Diyeceğim şu ki başarının sırrı -eleştirsekte- Diego'dan geçiyor.10'unla Arjantin bambaşka bi havaya büründüğü vakit işte dünyanın en mutlu adamlarından biri olucam ben.Saygılar Flying Dutchman
FM diye bir oyun oynuyorum, yapay zeka denen şey Türkiye milli takımının orta sahasını arda, Nuri,Caner Erkin,Aurelio, Mehmet Topuz'dan oluşturmuş (4-5-1). Alt tarafı oyundur demek istiyorum ama sanırım oyunun yapay zekası bizim milli takımın "teknik dikdatör"ü ve kurmaylarından daha mantıklı. Hadi İspanya maçına Nuri'yle Caner'le başlamasın daha toylar diyeceğim, bakıyorum onlardan daha toy Batuhan gol umudu olarak sahaya sürülmüş. Madem öyle bişey yapacaksın formda Sercanı sok maça. Gerçi Mehmet Topuzun da Colin Kazım'dan daha kötü olduğu unutmuşum. Zaten Toraman'sız milli takım pek bi "amansız", gördük.

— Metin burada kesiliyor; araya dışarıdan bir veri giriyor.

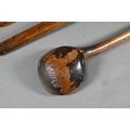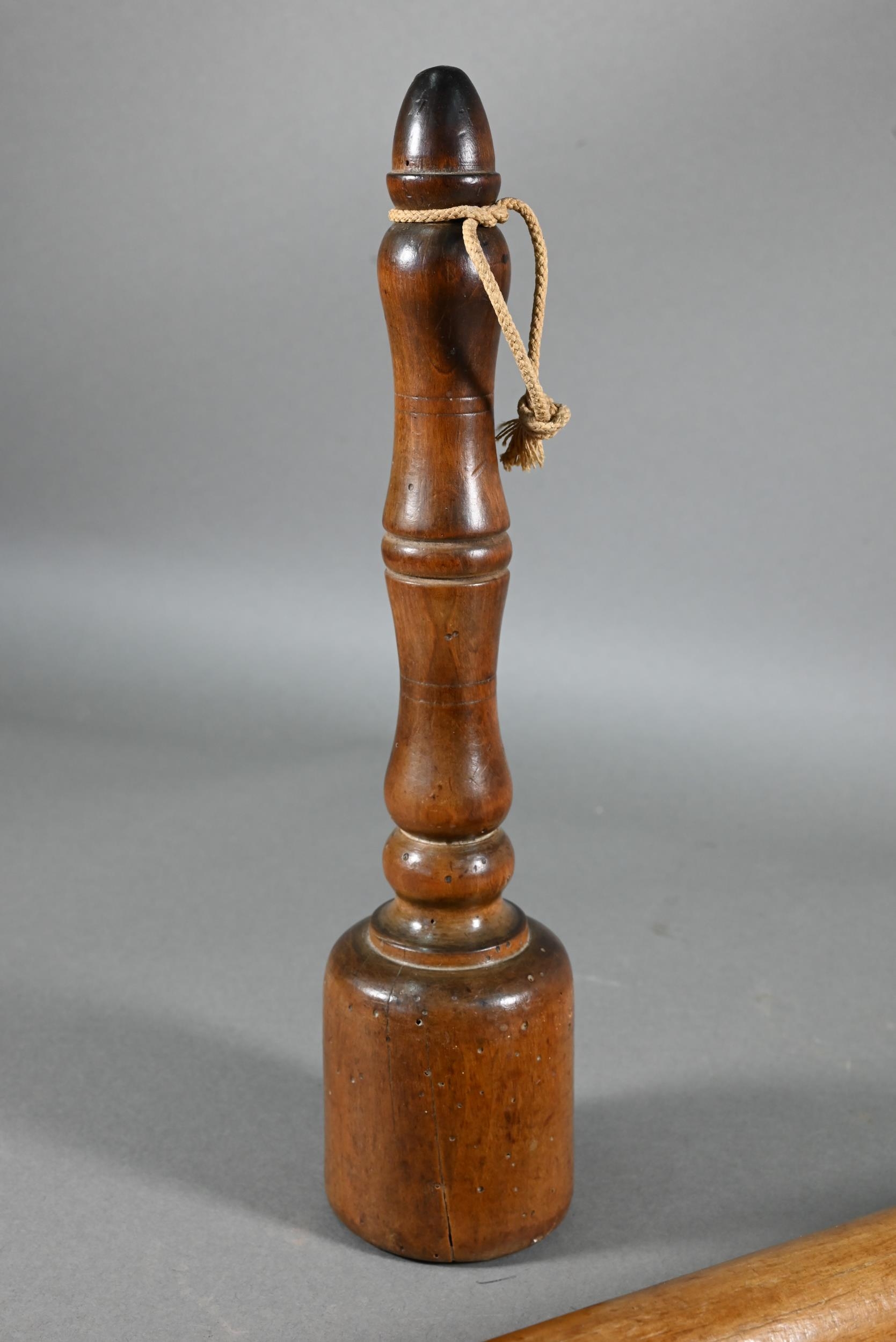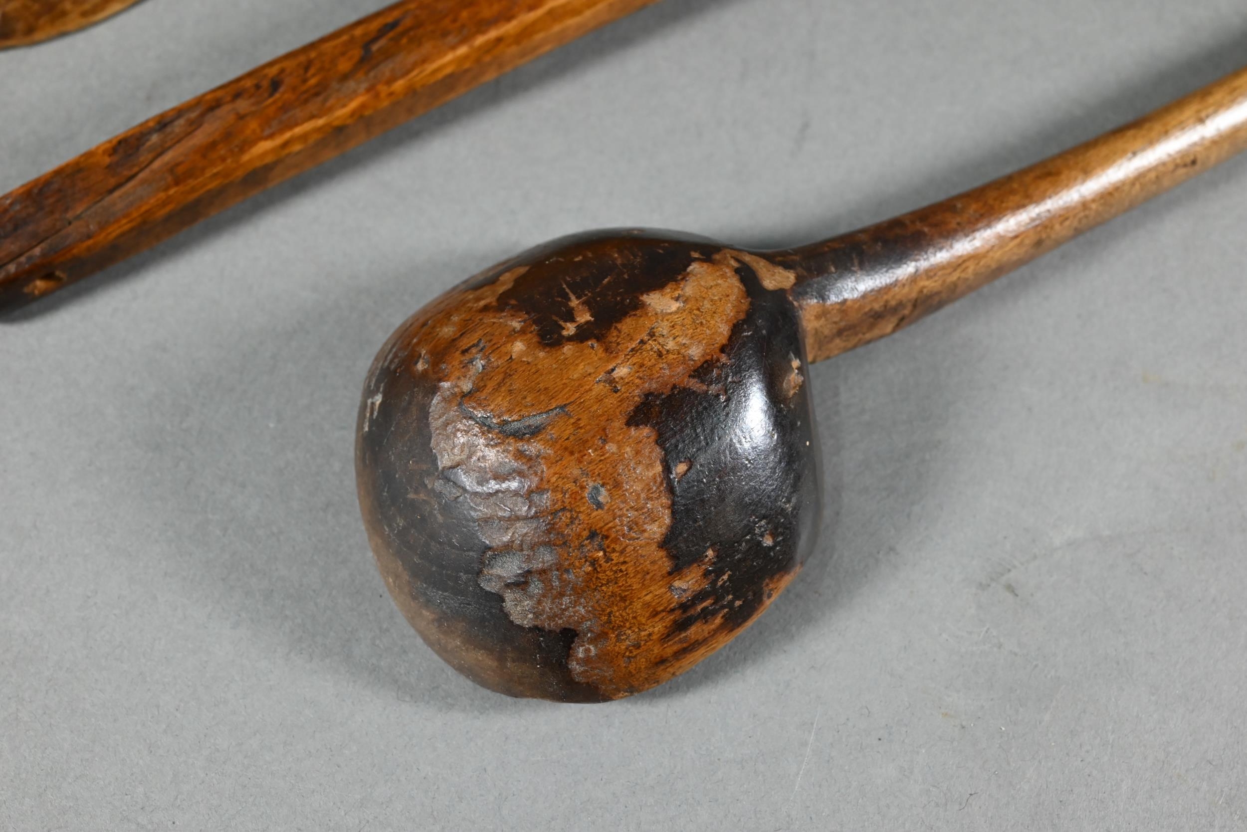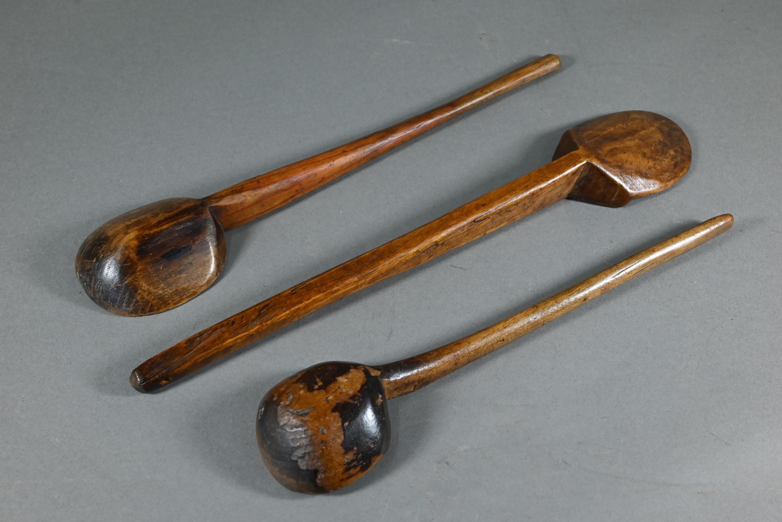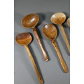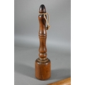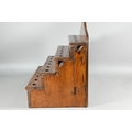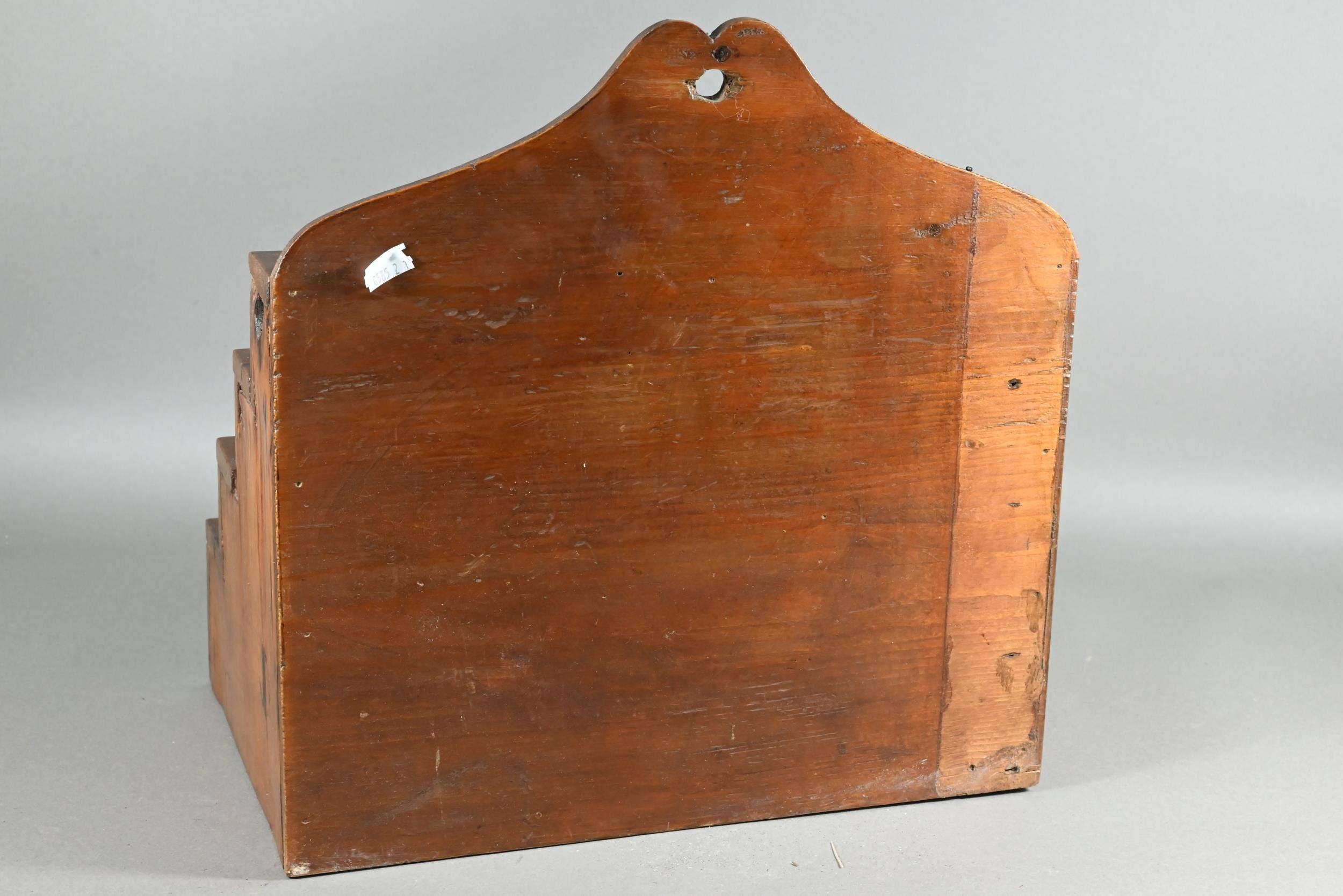 An antique Welsh stepped four tier spoon rack, with shaped top for hanging, 35.5 cm x 23.5 cm x 36 cm h to/w a collection of fourteen assorted carved and shaped spoons, a ladle, rolling pin, turned mallet
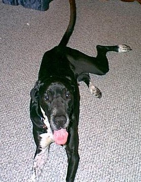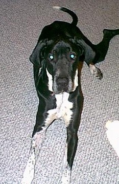 Luther - 4 year old mismarked black male with natural ears. 6 months ago Luther was given to the original owners son because she was moving to an apartment that did not take dogs. The son gave Luther to someone else, because he barked during the day. That person forgot to mention that they were allergic to dogs, and he has spent the last few months locked away in a basement. She finally called rescue |
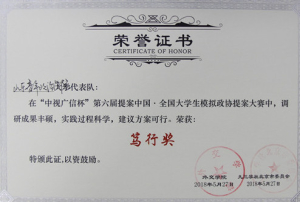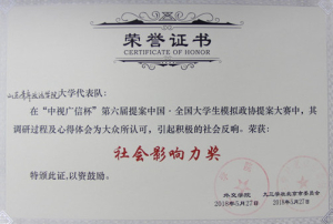 提案中国•全国大学生模拟政协提案大赛系由外交学院和九三学社中央参政议政部联合举办,是一项旨在鼓励大学生深入基层调研,通过调研帮助大学生形成对中国社会准确理性的认识、激发爱国责任感、锻炼大学生实践与分析能力的大型学生活动,迄今已举办六届。本届比赛由外交学院和九三学社北京市委员会主办,复旦大学、南开大学、吉林大学、厦门大学、北京师范大学、中国政法大学、北京外国语大学、中央财经大学、外交学院等26所知名高校的163名学生代表组队参加,我校是唯一参赛的新建本科院校。
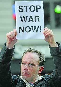3月19日一名男子在美国纽约时报广场 参加反战集会 新华社发
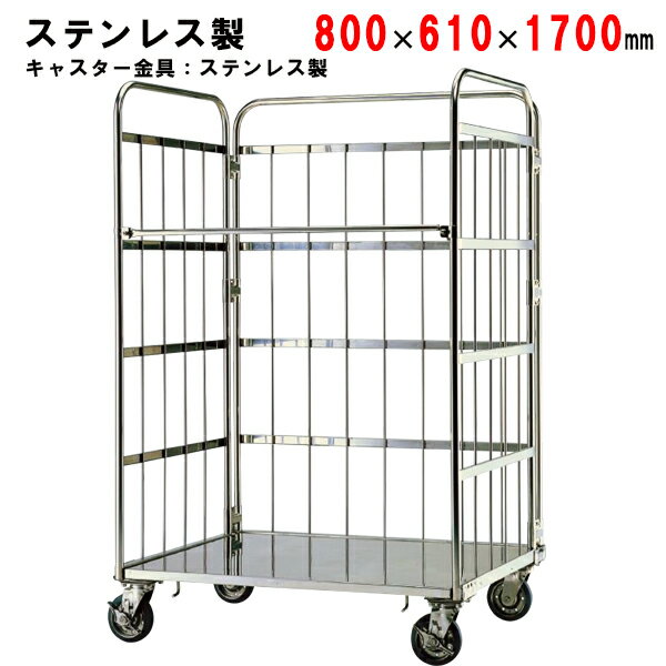 2%OFFクーポン 1/24 10:00まで ステンレス製 カゴ台車 800×610×1700 ロールボックスパレット MC-1E ロールボックス ロール台車 ステンレスかご台車 カゴ車 かご車 台車 業務用 運搬車折り畳み 大型台車 物流 倉庫 テックサス

Siz ne dersiniz bilmem ama Rıdvan Dilmen teknik direktörlük yapacaksa milli takımın başına geçsin. En azından düzgün kadro çıkaracağına eminim.Üzüntümüzü azltan durum, Afrika'ya yabancılar değil Bosnalı kardeşlerimizin gidiyor olması. Afrikalı çocuklar da artık kendilerine "ben Muslimovic", "ben Bajramovic" "hayır hayır sen değil ben İbisevic" falan derler artık napalım.
Beraberlik konusuna katilmiyorum. Berabere kalsaydik tum maclari kazanip cikabilirdik. Simdi Bosna'nin puan kaybina bakiyoruz ayrica.